# Alfa awus036h drops connection frequently

## Erlend

Hi there,

I bought the AWUS036H USB card from Alfa because I thought it would be reliable under Linux.  It easily detects routers and gives a high signal strength but large downloads often result in it dropping the connection.  Basically the connection looks like it's still active but the internet stops working, until I manuall disconnect/reconnect to the router again.  I don't think it's a problem with the router because it doesn't happen on my laptop.

Is there anything useful I can do to troubleshoot this, or find out if the driver is buggy?  I'm using gentoo-sources 3.1.6 but I've had the same trouble with previous version of the Linux kernel too (incl. 2.6.xx).  I'm using wicd to connect too.

----------

## NovaS1X

I'm having this exact same problem.

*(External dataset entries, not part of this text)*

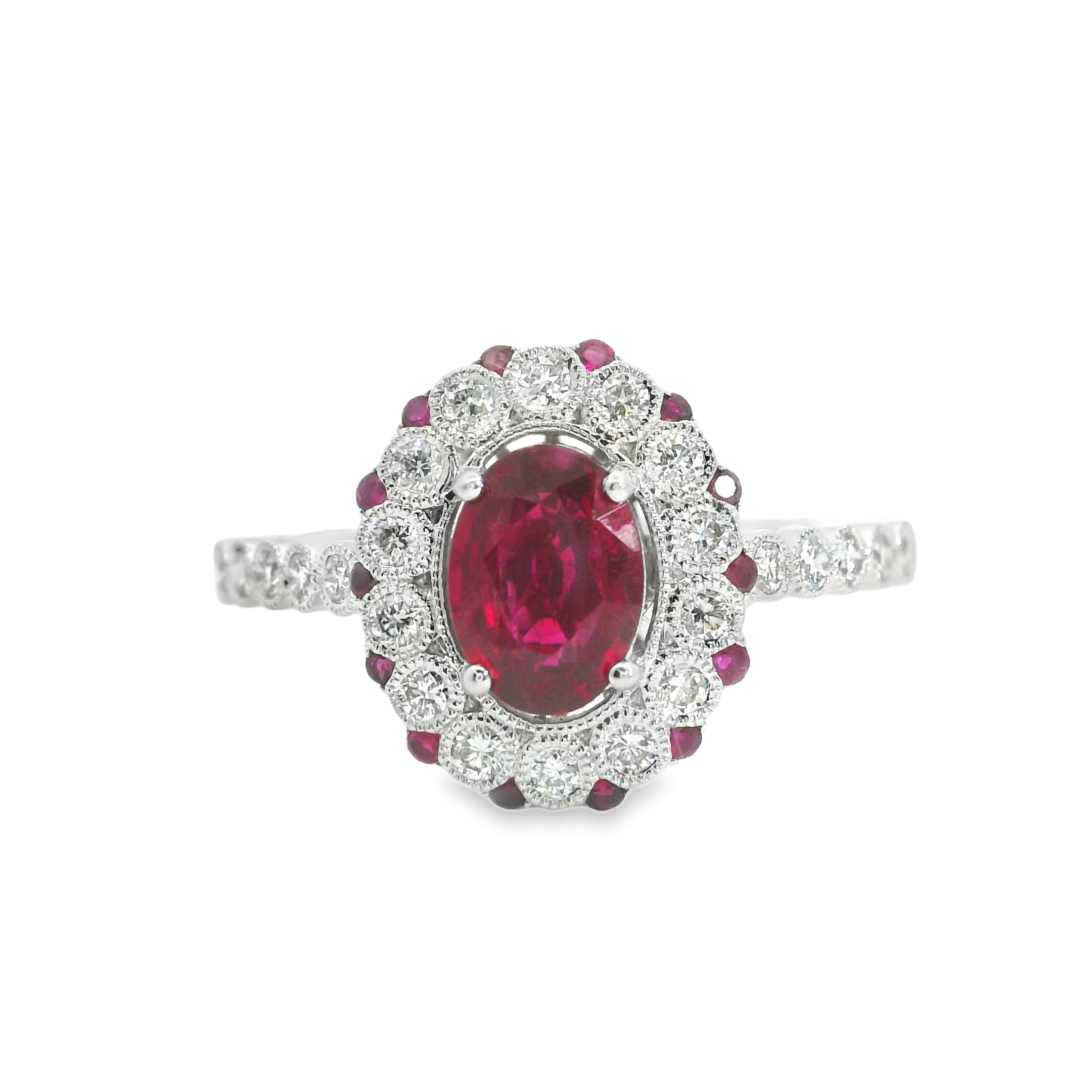 This gorgeous ring is an 18k white gold ruby and diamond ring. Set in the center is a 0.74 ct natural AA ruby, 0.74 ct tw. Bezel set with milgrain detailing in the ring are 24 natural diamonds totaling 0.33 ct tw. Set in between the diamond on the outer halo are 14 natural rubies totaling 0.14 ct tw to finish the exquisite look! Size 7
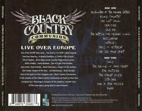 Black Country Communion: Live Over Europe version on 2CD in Standard edition. This particular edition was published in USA in publishing company J&R Adventures on 28. February 2012.
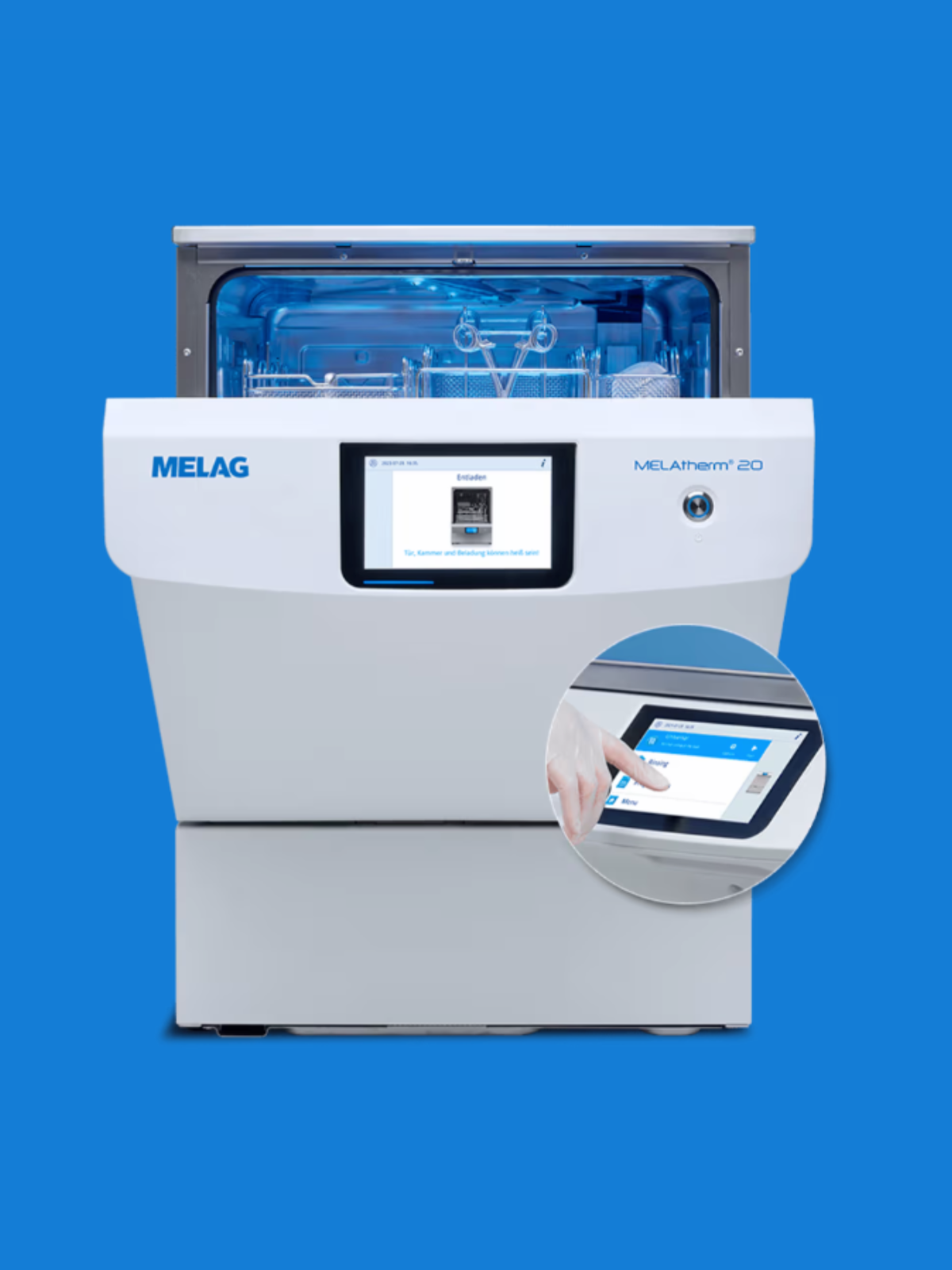 The large Smart-Touch Display on the device door makes operation as simple as using a smartphone – crisp, bright, and perfectly aligned with the MELAG system solution. From program selection to seamless documentation via USB or network: Everything is magically simple – simply magical.
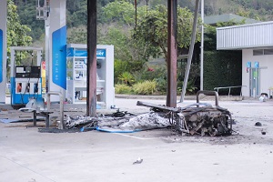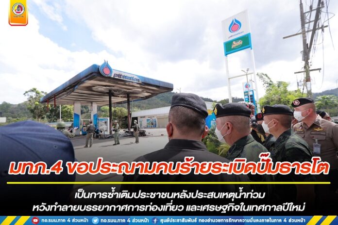 เมื่อคืนวันที่ 24 ธ.ค.65 เวลา 23.50 น. ได้รับแจ้งจากเจ้าหน้าที่วิทยุ สภ.ธารโต ว่ามีเสียงดังคล้ายระเบิด ที่บริเวณปั้มน้ำมัน ปตท. อ.ธารโต จึงได้จัดกำลังเจ้าหน้าที่เข้าตรวจสอบพบว่า บริเวณหัวจ่ายน้ำมันภายในปั้มมีไฟลุกไหม้ จึงได้ประสานรถดับเพลิงเข้าเผชิญเหตุ และควบคุมไฟไว้ได้ จากการตรวจสอบในเบื้องต้น เชื่อได้ว่าเกิดจากเหตุคนร้ายลอบวางระเบิด จนเป็นเหตุให้เกิดเพลิงลุกไหม้ทำให้หัวจ่ายน้ำมันได้รับความเสียหาย โชคดีที่ไม่มีผู้ได้รับบาดเจ็บแต่อย่างใด เบื้องต้นได้กันพื้นที่เกิดเหตุไว้แล้ว
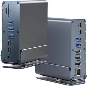 15-in-1 USB C Laptop Docking Station with 65W Power Adapter + 65W Portable Charger with Built in Cable and Wall Plug
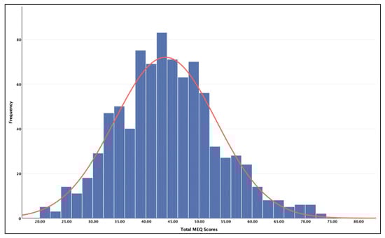 The mean scores for the chronotype preference and each personality trait are presented in Table 1. The normality of the MEQ data was assessed using a histogram, which indicated the distribution to be skewed in favor of eveningness (see Figure 1). More specifically, 7.1% of the sample indicated a morning preference, 51.2% an intermediate preference, and 41.8% an evening preference.
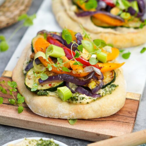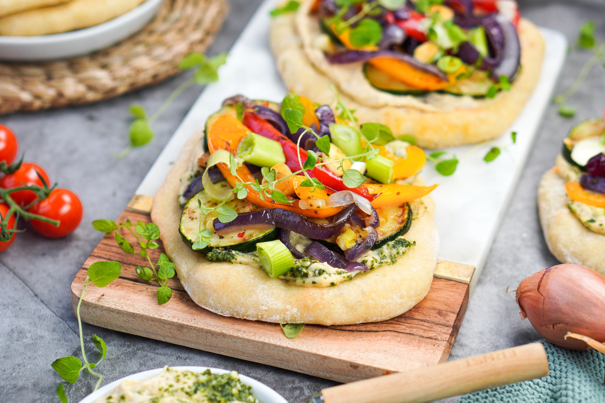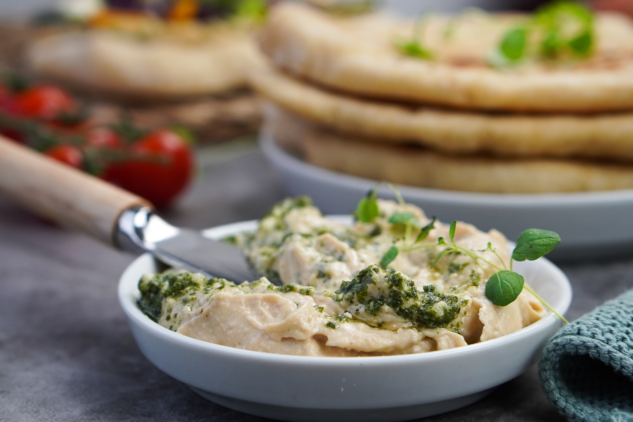 - Für das Rezept „Grillgemüse auf Pita Brot“ brauchst du außerdem Hummus. Entweder nimmst du fertigen aus dem Supermarkt oder du machst ihn einfach selbst 😊. Ein leckeres Rezept für Hummus findest du hier.Zudem habe ich etwas Pesto unter dem Hummus gemischt, das passt perfekt zu diesem Gericht.
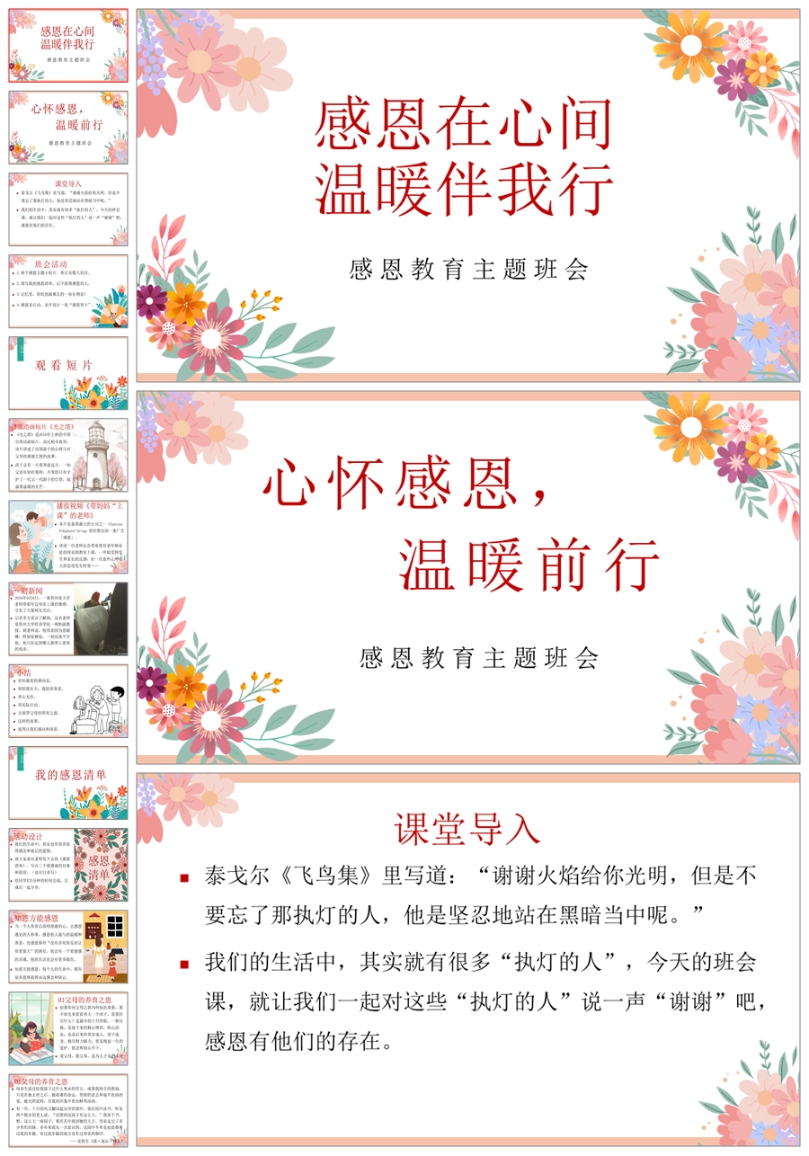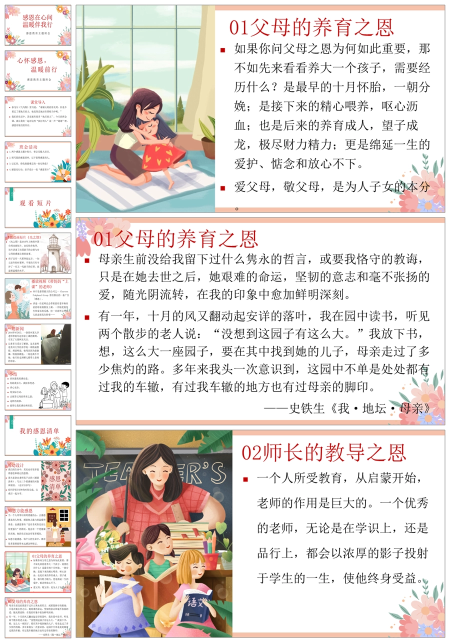 【8153】【感恩教育】《感恩在心间温暖伴我行》感恩父母感恩老师主题班会PPT(教案+课件+视频)

Not only on gentoo but on other distros as well. If you, or anyone else, has figured this out please let me know what you did.

----------

## Erlend

 *NovaS1X wrote:*   

> I'm having this exact same problem. Not only on gentoo but on other distros as well. If you, or anyone else, has figured this out please let me know what you did.

 

I stopped using this card. It works perfectly in Windows and Mac OS X however it's too unreliable for production use in Linux. 

Do you notice the light on the Alfa flickering very quickly as if the power isn't regular? That doesn't happen under Windows/MacOSX with this card.

----------